It doesn't matter if powerd is running or not, nor does it matter what the minimum frequency is (i tried them all). The shrieking sound only stops briefly when the system is in full load. Also it varies with mouse movement.

I'm pretty confident that the sound comes from the coils that are part of the CPU voltage regulator, situated near the CPU. Nowadays they are inside little black plastic boxes. I remember that some crappy older mobos had this issue when the coils were exposed.

Any ideas? I've tried everything, including adjusting voltages in BIOS. The mobo is a MSI P55M-GD45, and CPU is Intel Core i5 750.

Again, the issue not present in Windows, or in 7.2 :\


----------



## Beastie (Mar 16, 2010)

A random idea: try `# sysctl kern.hz=100` or similar.


----------



## Ghirai (Mar 16, 2010)

Thanks, that seems to make a slight difference - the pitch is lower and a bit less annoying, but it's still there.
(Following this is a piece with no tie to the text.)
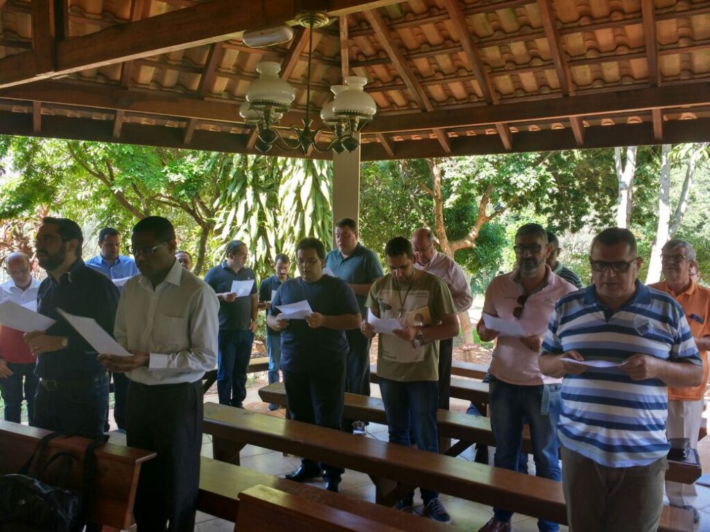 A reunião se iniciou com um delicioso café da manhã nas dependências do hotel. Em seguida, deu-se início à oração sob a direção do Padre Daniel, na Capela São José da Areia que Canta.

Any ideas on what's causing it, and why it only appears in 8.0?


----------



## brucec@ (Mar 16, 2010)

On my system I think it went away when I disabled some power management feature, possibly C1E or EIST.


----------



## Ghirai (Mar 16, 2010)

Thanks, disabling C1E did it.

I'm still curious to know why this is happening on 8.0...


----------



## mav@ (Mar 16, 2010)

This sound probably originated from some on-board power converters. C1E and deeper C-states create more significant power spikes. May be at some pattern they make ferrite cores resonate.


----------



## Ruler2112 (Mar 17, 2010)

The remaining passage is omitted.